VICTORIA, British Columbia — The Transportation Safety Board of Canada is worried about marijuana use by British Columbia ferry crew members, based on interviews following a fatal ferry sinking last year.
Board spokesman John Cottreau said Wednesday there has been no suggestion that crew members were high when the Queen of the North slammed into an island and sank in March 2006, but investigators were told pot use was not uncommon between shifts, on board as well as off the vessel.
Two people vanished and are presumed dead and 99 passengers and crew were rescued after the sinking.
“We interviewed enough people who told us the crews were regularly smoking cannabis, and a pattern began to emerge,” Cottreau said in an interview with The Canadian Press from Gatineau, Quebec. “We have reason now to believe the practice continues and it may not be isolated to a few individuals.”
A top ferry system official said the safety board should allow mandatory testing for drugs and alcohol. A union leader planned to issue a statement later Wednesday.

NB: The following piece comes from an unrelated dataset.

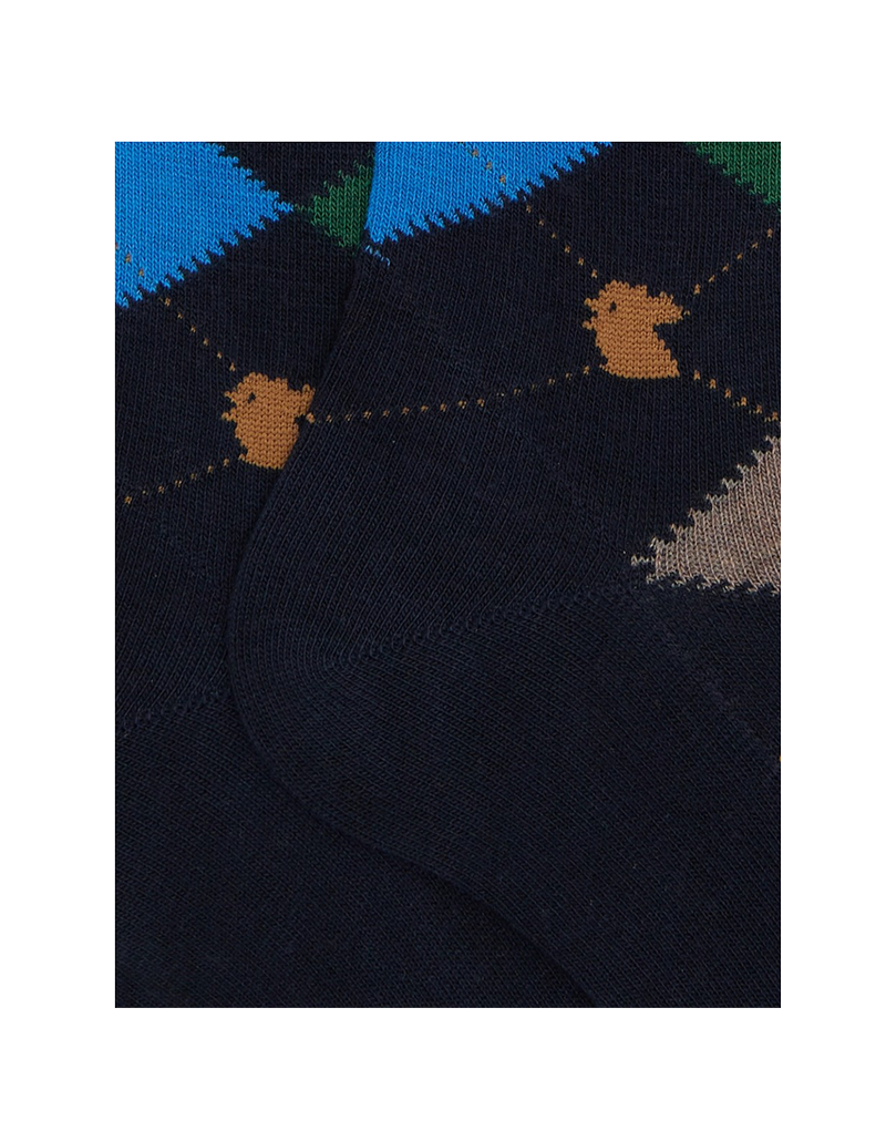 Iconico calzino uomo proposto nella fantasia intarsia con fondo blu . Il morbidissimo caldo cotone , lo rende ideale per affrontare l'inverno senza rinunciare allo stile. Composizione 78% Cotone 20% Poliammide 2% Elastan. Misura unica 40/45. Made in Italy.

The board has sent warnings on the issue to British Columbia Ferry Services and the Ferry and Marine workers’ Union, Cottreau said.

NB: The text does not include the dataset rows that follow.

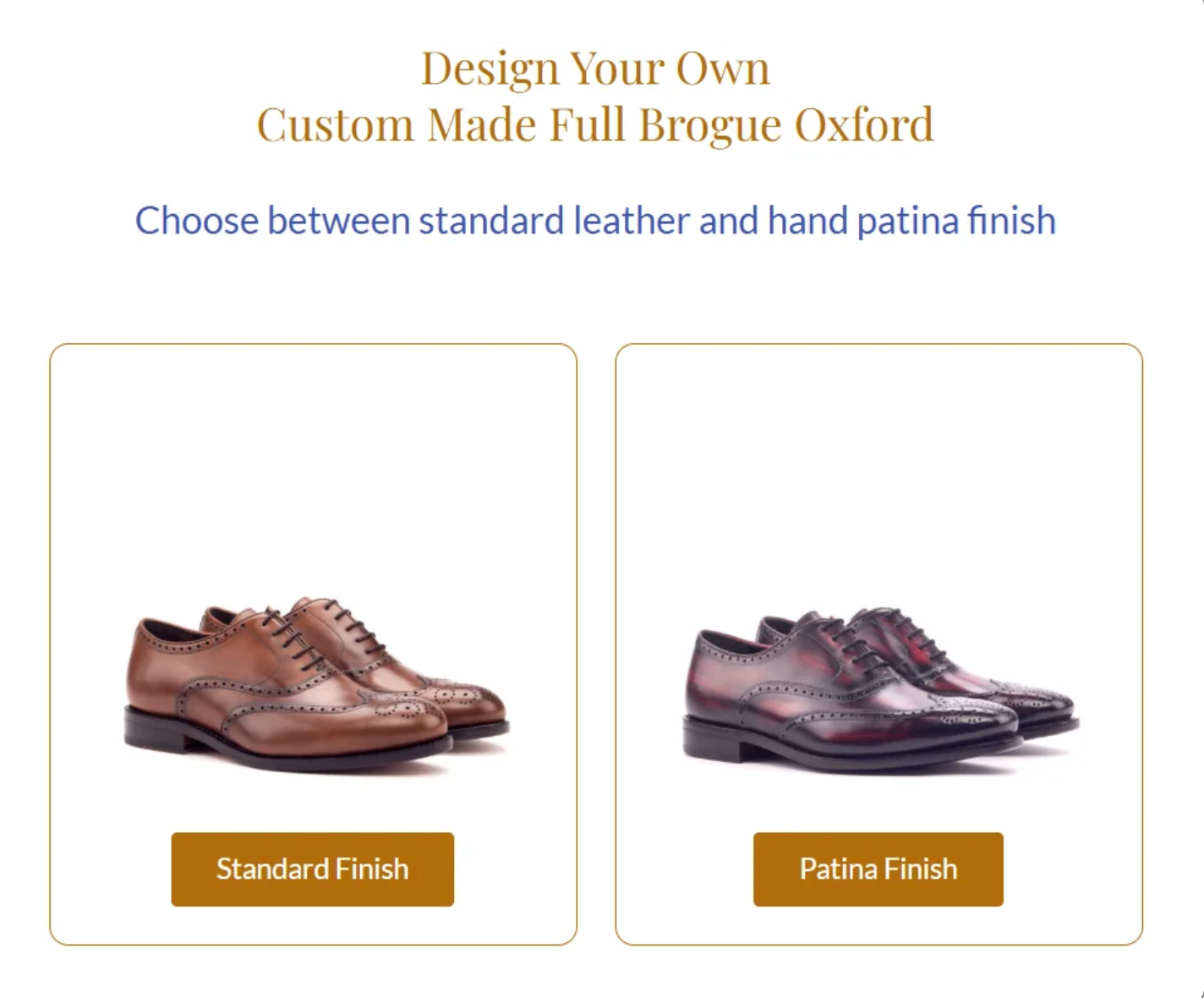 Shoe Styles: Full Brogue, Oxford, Loafer, Blucher, Single Monk, Double Monk, Derby, Wholecut
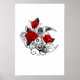 Contour, lune de croissant mécanique avec des engrenages, décoré de roses rouges avec des tiges noires spirées et feuilles sur arrière - plan blanc. Steampunk
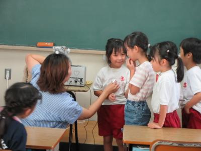 中部電力のお兄さんから「発電所から送られてきた強い電気の電圧を,安全に使えるように徐々に下げて,みんなの家に届けます」と説明を受けました。そのあとも,施設についてや働く人の仕事についてたくさん質問できました。

“Ferry crews whose performance is impaired by cannabis are a clear risk to the traveling public,” board chairwoman Wendy Taro said in a news release. “We are confident that B.C. Ferries will determine the extent of the problem and effectively manage this risk so it will not lead to a serious accident.”
B.C. Ferries president David Hahn said the corporation has a zero-tolerance policy on alcohol and other drug use, adding that the safety board should recommend to Canadian Transport Minister Lawrence Cannon that ferry operators be allowed to conduct mandatory drug and alcohol testing on employees in safety-sensitive positions.
The prohibition covers all the hours crew members are on and off duty from the time they board a vessel until their release for rest days.
In isolated cases where the zero tolerance policy has been violated, employees have been fired, Hahn said, but he asserted that mandatory testing is the only proven method of ensuring protection for the traveling public.
He also said the company would conduct further investigations into the safety board’s findings.